### What to work on
Every record must come back unchanged, apart from the pictures, which are dropped.

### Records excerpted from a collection
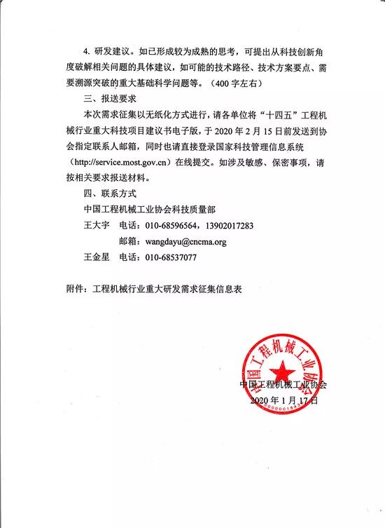 关于开展工程机械行业“十四五”重大研发需求征集工作的通知
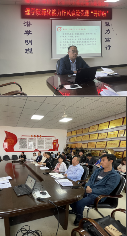 11/ 2024-05理学院开展深化能力作风建设党课“开讲啦”活动为进一步贯彻落实省委、学校党委关于深化能力作风建设的工作要求,锤炼“扎扎实实、踏踏实实、求真务实”的优良作风,学院党委于5月8日在二楼会议室开展了深化能力作风建设党课“开讲啦”活动,会议由学院党委书记贺龙军主持,学院中层干部及综合办、学工办、基础数学部党员教师参加了会议。会上,学院党委书记贺龙军以“摆正位置 严实作风 持续推进学院高质量发展”为题为参会人员上了一堂精彩的党课。他指出,党员干部要时刻...
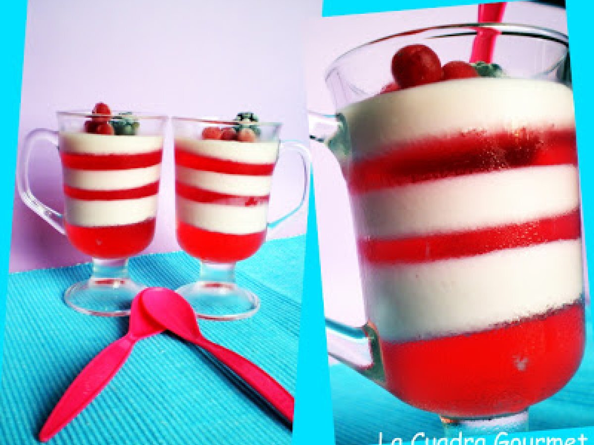 Gelatina bicolor AnteriorSiguiente PostreFácil35 min355 Kcal Enviar esta receta a un amigo Imprimir esta página Preguntar al autor Publicar la foto de esta receta Ingredientes 2 Un sobre de gelatina de fresa Una lata de leche condensada Frutos rojos para decorar Costo estimado: 1.4Euros€ (0.7€/porción)
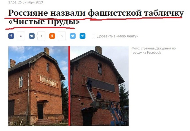 «Жители Калининградской области посчитали фашистской историческую надпись на здании, хотя та переводится на русский язык как „Чистые Пруды“ и была восстановлена в память о местном поэте».
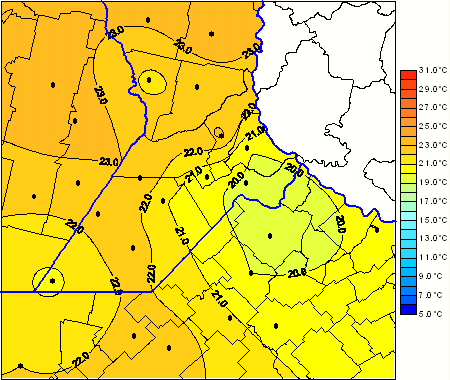 Mapa de temperaturas medias de las las últimas 72 horas.(Desde las 8:00AM hasta las 8:00AM). Se actualiza a las 10:00hs.

### Answer below
 关于开展工程机械行业“十四五”重大研发需求征集工作的通知
 11/ 2024-05理学院开展深化能力作风建设党课“开讲啦”活动为进一步贯彻落实省委、学校党委关于深化能力作风建设的工作要求,锤炼“扎扎实实、踏踏实实、求真务实”的优良作风,学院党委于5月8日在二楼会议室开展了深化能力作风建设党课“开讲啦”活动,会议由学院党委书记贺龙军主持,学院中层干部及综合办、学工办、基础数学部党员教师参加了会议。会上,学院党委书记贺龙军以“摆正位置 严实作风 持续推进学院高质量发展”为题为参会人员上了一堂精彩的党课。他指出,党员干部要时刻...
 Gelatina bicolor AnteriorSiguiente PostreFácil35 min355 Kcal Enviar esta receta a un amigo Imprimir esta página Preguntar al autor Publicar la foto de esta receta Ingredientes 2 Un sobre de gelatina de fresa Una lata de leche condensada Frutos rojos para decorar Costo estimado: 1.4Euros€ (0.7€/porción)
 «Жители Калининградской области посчитали фашистской историческую надпись на здании, хотя та переводится на русский язык как „Чистые Пруды“ и была восстановлена в память о местном поэте».
 Mapa de temperaturas medias de las las últimas 72 horas.(Desde las 8:00AM hasta las 8:00AM). Se actualiza a las 10:00hs.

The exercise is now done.